In your copy, repeat each record exactly and include no pictures.

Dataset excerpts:
- Opening Delimiter -

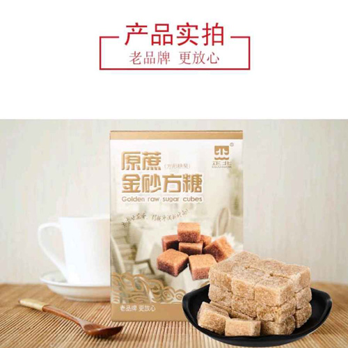 原蔗金砂方糖沖飲新時尚帶來新體驗使用原料100%優質無公害甘蔗提取色澤口味獨特干吃沖調全新休驗精選天然無公害的甘蔗壓榨出甘蔗汁,潔凈后清除雜質結晶再經專利生產線精制而成,保存了甘蔗特有的香味和豐富的營養,并且保留了鈣、鎂、鐵等多種天然礦物質。
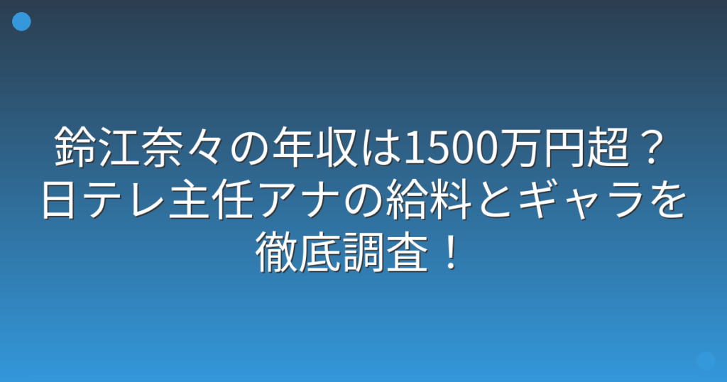 鈴江奈々の年収は1500万円超?日テレ主任アナの給料とギャラを徹底調査!
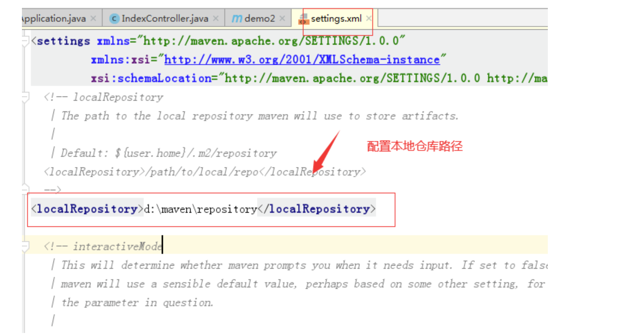 maven安装目录/conf文件夹下找到settings.xml,修改本地仓库路径(之前有仓库的设置为之前仓库的路径,没有的会自动创建文件夹,以后从私服下载下来的jar包会保存到本地仓库中)
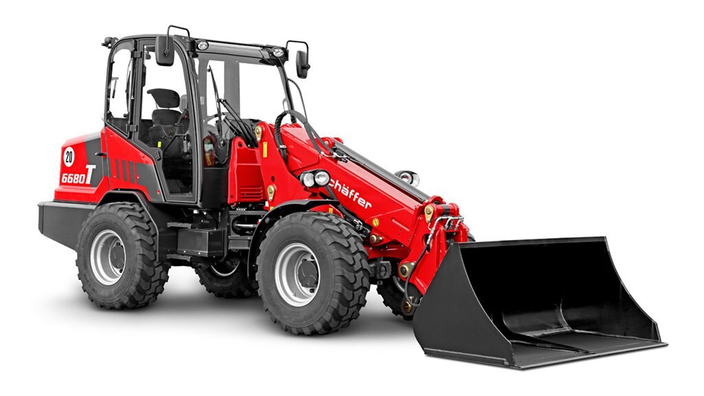 Deutz Turbo diesel engine, 4 cylinders, water-cooled, 55 kW (75 HP) DOC and DPF for compliance with Stage V emissions standards Hydrostatic four wheel drive with automotive control Tyres 400/70-20 AS, offset 0 HTF (High Traction Force) SPT (Schäffer Power Transmission) Hydraulic quick gear 20 km/h switchable under load HD planetary axles with self-locking differentials; (8-hole) Rear pendulum axle Ferro-form sliding elements in the telescopic arm Tool cylinder in the telescopic arm Pressure relief of hydraulic couplings Combined oil cooler Hydraulic fan drive SCV-cabin (Silence, Comfort, View) Multiple disk brake, maintenance free; service and parking brake Maintenance free articulation joint 2 x working headlights front und 1 x rear Lighting system without ABE (General approval certificate) according to ordinance StVZO Z-bar boom with parallel lift Working hydraulics: 74 l/min, optional 88 l/min. Depressurised return Steering column adjustable in length and angle Hour meter, rev, counter, fuel control lamp and temperature indicator Adjustable armrest Rear weight end plate and towing hitch Main battery switch Cyclone Headstock type wheel loader with hydraulic tool lock
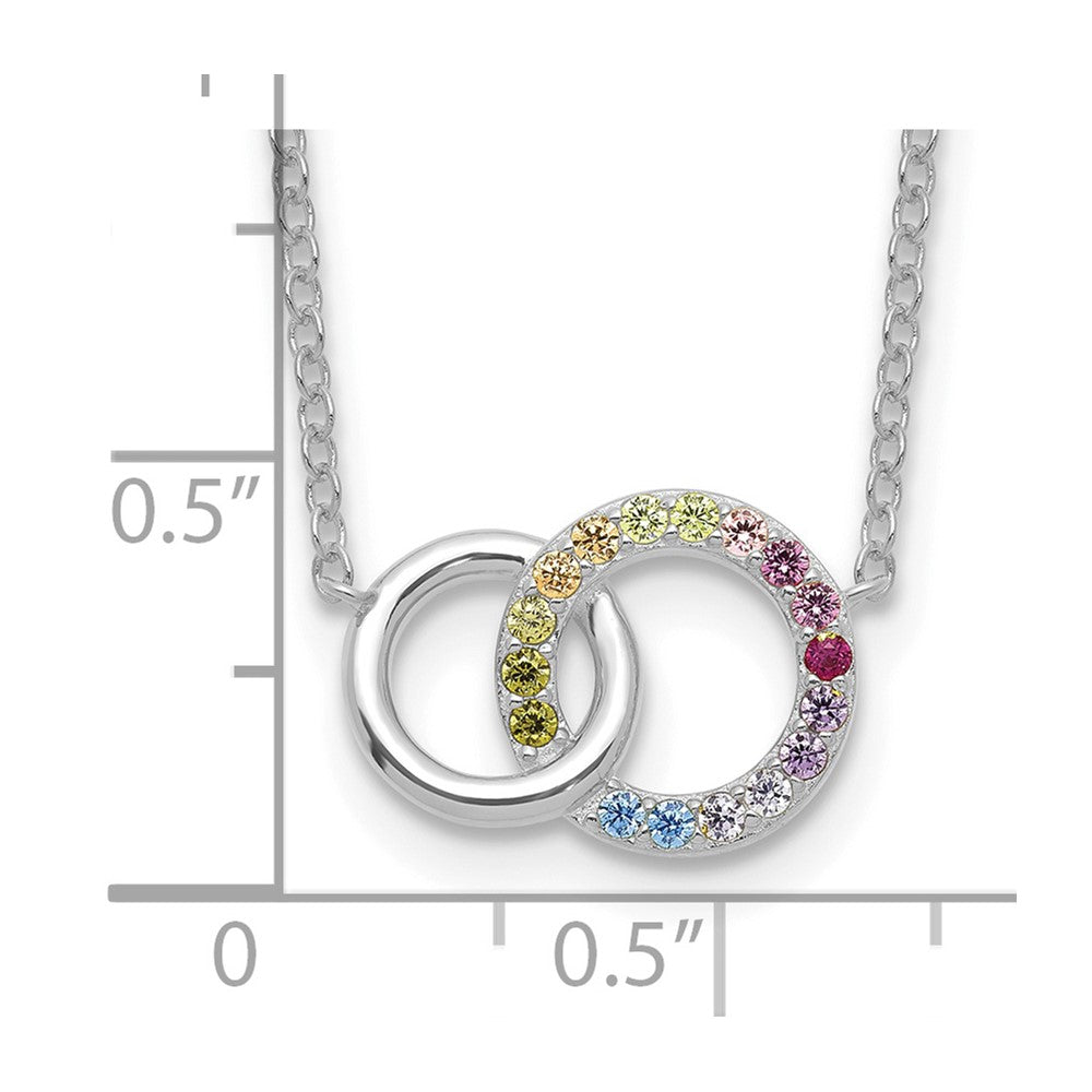 Prizma Sterling Silver Rhodium-plated Colorful CZ Intertwined Circle Necklace with Extender
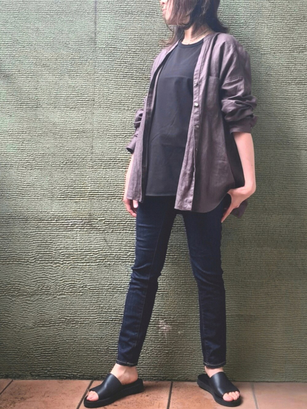 このリネンシャツ、しっかり厚みがあって、色がさりげなく秋っぽくてとっても可愛いです😊 さらっと羽織って決まるので、冷房や紫外線対策にもとかなりおすすめです💕

- Closing Delimiter -

TASK OUTPUT:
 原蔗金砂方糖沖飲新時尚帶來新體驗使用原料100%優質無公害甘蔗提取色澤口味獨特干吃沖調全新休驗精選天然無公害的甘蔗壓榨出甘蔗汁,潔凈后清除雜質結晶再經專利生產線精制而成,保存了甘蔗特有的香味和豐富的營養,并且保留了鈣、鎂、鐵等多種天然礦物質。
 鈴江奈々の年収は1500万円超?日テレ主任アナの給料とギャラを徹底調査!
 maven安装目录/conf文件夹下找到settings.xml,修改本地仓库路径(之前有仓库的设置为之前仓库的路径,没有的会自动创建文件夹,以后从私服下载下来的jar包会保存到本地仓库中)
 Deutz Turbo diesel engine, 4 cylinders, water-cooled, 55 kW (75 HP) DOC and DPF for compliance with Stage V emissions standards Hydrostatic four wheel drive with automotive control Tyres 400/70-20 AS, offset 0 HTF (High Traction Force) SPT (Schäffer Power Transmission) Hydraulic quick gear 20 km/h switchable under load HD planetary axles with self-locking differentials; (8-hole) Rear pendulum axle Ferro-form sliding elements in the telescopic arm Tool cylinder in the telescopic arm Pressure relief of hydraulic couplings Combined oil cooler Hydraulic fan drive SCV-cabin (Silence, Comfort, View) Multiple disk brake, maintenance free; service and parking brake Maintenance free articulation joint 2 x working headlights front und 1 x rear Lighting system without ABE (General approval certificate) according to ordinance StVZO Z-bar boom with parallel lift Working hydraulics: 74 l/min, optional 88 l/min. Depressurised return Steering column adjustable in length and angle Hour meter, rev, counter, fuel control lamp and temperature indicator Adjustable armrest Rear weight end plate and towing hitch Main battery switch Cyclone Headstock type wheel loader with hydraulic tool lock
 Prizma Sterling Silver Rhodium-plated Colorful CZ Intertwined Circle Necklace with Extender
 このリネンシャツ、しっかり厚みがあって、色がさりげなく秋っぽくてとっても可愛いです😊 さらっと羽織って決まるので、冷房や紫外線対策にもとかなりおすすめです💕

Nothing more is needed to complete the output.